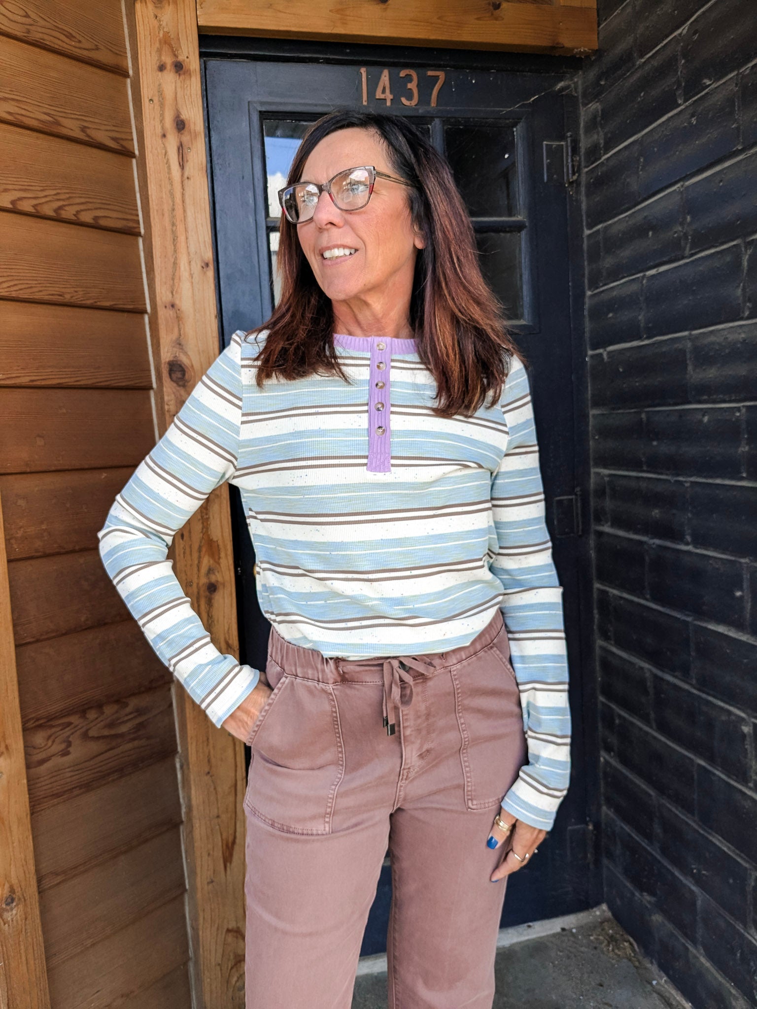 Special details:  Henley top with front half buttons, contrast purple neckline, ribbed.
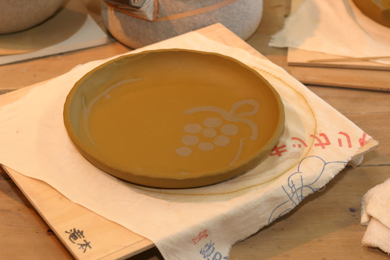 体験担当の奥さんののり子さんが優しく丁寧に指導してくれるから初心者でもOK。体験メニューはコンセプト通りの食卓で使える実用的なカレー皿づくりを行います。色の違う粘土でオリジナルの模様・デザインを考えるのが楽しいですよ。
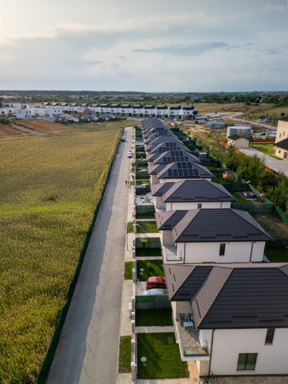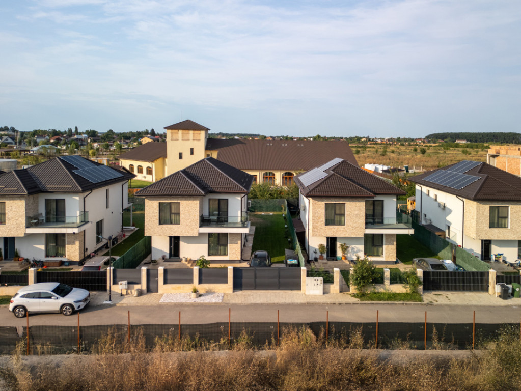Aceasta proprietate nu are comision la cumparare ! Complex Cherry 2 Park Corbeanca: Locuințe Moderne și Eficiente, în Inima Naturii și Aproape de Facilitățile Urbane Oamenii au fost întotdeauna atrași de liniștea și frumusețea pădurii. Complexul Cherry 2 Park Corbeanca este situat chiar lângă 16 hectare de pădure, oferindu-ți șansa de a te bucura zilnic de natură. Cherry 2 Park Corbeanca aduce un nou nivel de confort și funcționalitate, conceput pentru a răspunde celor mai exigente nevoi. În dormitorul matrimonial de la etaj, spațiul pentru dressing este acum optimizat pentru o organizare eficientă și elegantă, iar bucătăria de la parter poate fi adaptată fie în stil open space, fie închisă, în funcție de preferințele tale. Spațiul de depozitare sub scară a fost mărit, oferindu-ți mai mult loc pentru organizarea lucrurilor. De asemenea, casele impresionează prin detaliile de design exterior, unde plăcile de piatră adaugă un plus de stil și asigură o izolare termică superioară. Întreaga locuință este echipată cu încălzire prin pardoseală, pentru un confort termic optim în orice sezon. În plus, acest model de casă include acum o cameră suplimentară la parter, care poate fi utilizată ca dormitor, birou sau orice altă destinație necesară, aducând numărul total de camere la 5. Astfel, casa oferă și mai mult spațiu și flexibilitate pentru familia ta. Pe lângă toate aceste îmbunătățiri, locuințele din Complex Cherry 2 Park Corbeanca sunt echipate cu panouri fotovoltaice și pompe de căldură, oferindu-ți o eficiență energetică ridicată. Aceste sisteme avansate nu doar că reduc costurile de întreținere, dar contribuie și la protejarea mediului, transformând casa într-un model de sustenabilitate. Cu aceste dotări, vei beneficia de un confort sporit, cu un impact redus asupra mediului. Detalii despre casă și vecinătate: Locuințele sunt construite pe o structură solidă, cu stâlpi și grinzi, planșeu de beton peste nivelul 1 și mansardă. Compartimentarea este bine gândită pentru a oferi un confort optim: Parter: hol de intrare, sufragerie, bucătărie (open space sau închisă, în funcție de preferințe), un grup sanitar, spațiu de depozitare și o cameră suplimentară (birou/dormitor). Etaj: 3 camere, inclusiv o cameră matrimonială cu dressing bine organizat și baie proprie, plus un balcon. Mansardă cu pod de depozitare accesibil printr-o scară retractabilă, cu planșeu de beton. Materiale de calitate și finisaje superioare: Ferestre Veka Tripan, feronerie Rotto Parchet laminat Krono Original, compatibil cu sistemul de încălzire prin pardoseală Plăci ceramice KAI în băi, bucătărie și holuri Obiecte sanitare Ideal Standard Izolație termică cu polistiren pentru pod Travertin pe alei, glafuri din marmură Acoperiș din tablă Bilka Gard cu fundație de beton, trotuare și drum de acces pavate sau asfaltate Iluminat stradal Vecinătăți și facilități: Complexul se află în Corbeanca, lângă Parcul Corbeanca, într-o zonă care îți oferă atât liniștea naturii, cât și accesul rapid la facilități urbane. În apropiere găsești centre comerciale importante, cum ar fi Mall Băneasa, școli, grădinițe, restaurante și centre de agrement, toate la doar câteva minute distanță. Accesul în complex este controlat printr-o poartă principală cu cod de acces, iar utilitățile sunt complet disponibile: gaze, curent, apă și canalizare din rețea. Eficiență energetică și confort: Datorită pompelor de căldură și panourilor fotovoltaice, casele din Cherry 2 Park Corbeanca oferă un nivel ridicat de eficiență energetică. Aceste dotări asigură un confort termic deosebit, contribuind în același timp la reducerea facturilor de energie și la protejarea mediului înconjurător. Este o locuință care îmbină perfect confortul modern cu responsabilitatea ecologică. Id intern: ZONE0259

**Exercise directions**. Leave out any pictures, please, and quote only the lines from the top of the data through the line that contains "体験担当の奥さんののり子さん".

**Reply**.
 Special details:  Henley top with front half buttons, contrast purple neckline, ribbed.
 体験担当の奥さんののり子さんが優しく丁寧に指導してくれるから初心者でもOK。体験メニューはコンセプト通りの食卓で使える実用的なカレー皿づくりを行います。色の違う粘土でオリジナルの模様・デザインを考えるのが楽しいですよ。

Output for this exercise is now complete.